» **Requirement**: Your task is to retype, word for word, the lines from the start of the data through the line holding "Zalacznik nr 2-Lesnictwo". Do not include the pictures.

» **Collected data**:
....
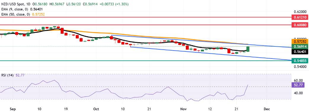 纽元/美元周三亚洲时段交易价格上涨超过1%,交易价格约为0.5690。日线图的技术分析显示,由于该货币对的价格仍然在下降通道内,存在持续的看跌趋势。
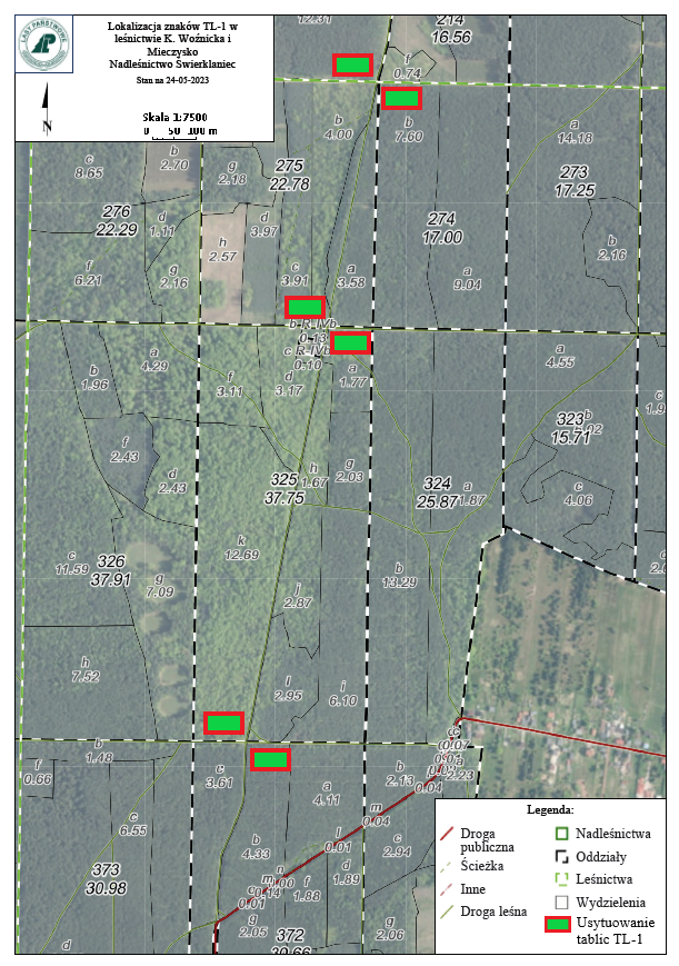 Zalacznik nr 2-Lesnictwo Mieczysko usytuowanie znakow TL-1 ORTOFOTO.png
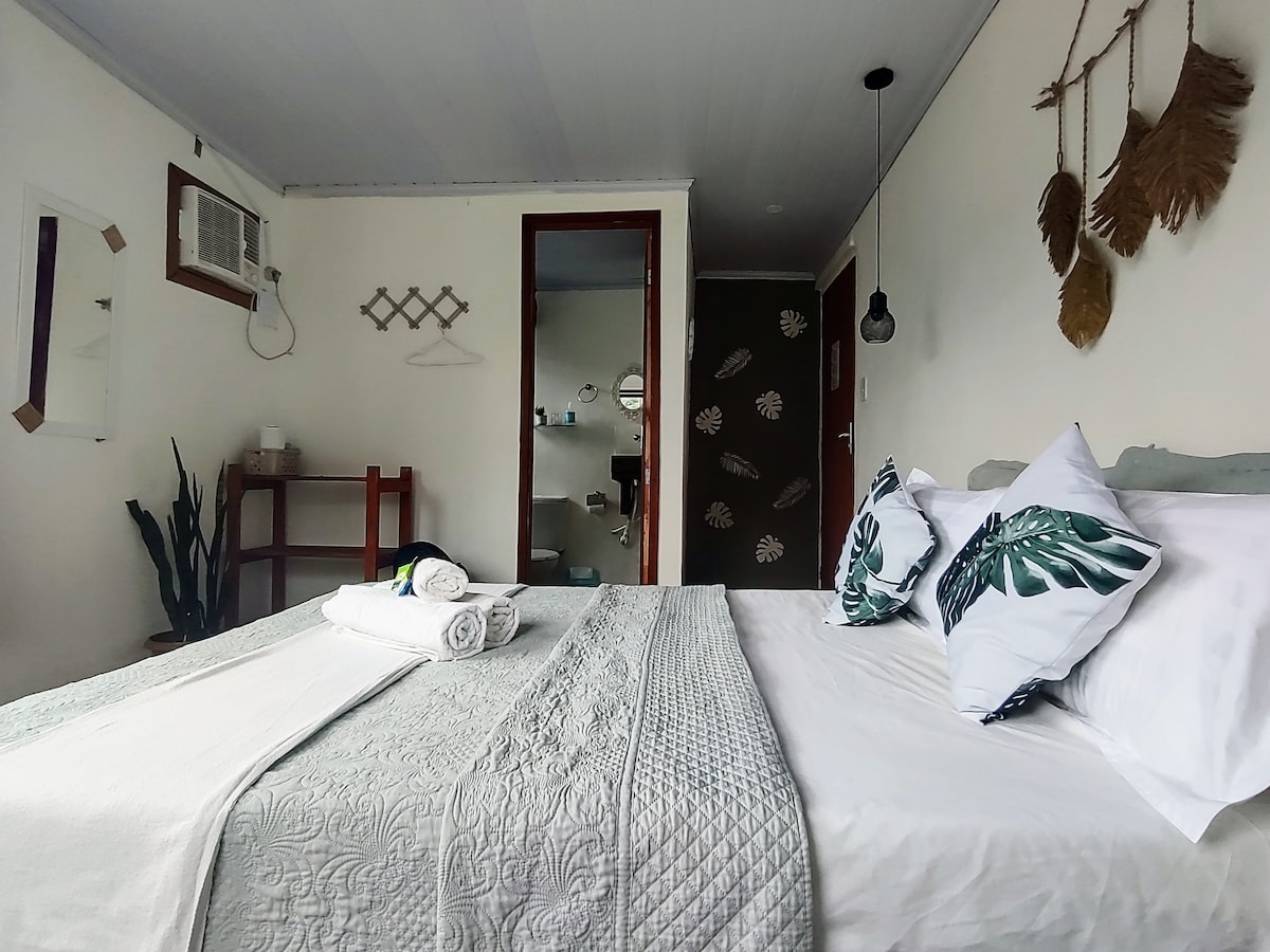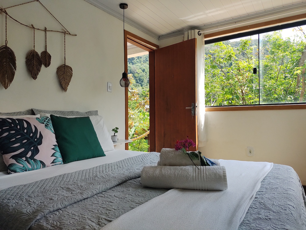 Suite de lujo, Totalmente independiente y privada, con vista a la maravillosa mata Atlantica Ven a descansar con el Sonido del Rio y despertar con el canto de los pajaros y el olorcito fresco de la Floresta Tenemos a disposicion vajilla y cafetera para que los huespedes puedan prepararse su propio cafe en nuestra suite! Calidad de hotel con la facilidad, confianza y experiencia de Airbnb! De facil acceso en el corazon de Abraao, Capital de Ilha Grande Lengua de recepcion: Espanol, Portugues y A
....
» **Answer section**:
 纽元/美元周三亚洲时段交易价格上涨超过1%,交易价格约为0.5690。日线图的技术分析显示,由于该货币对的价格仍然在下降通道内,存在持续的看跌趋势。
 Zalacznik nr 2-Lesnictwo Mieczysko usytuowanie znakow TL-1 ORTOFOTO.png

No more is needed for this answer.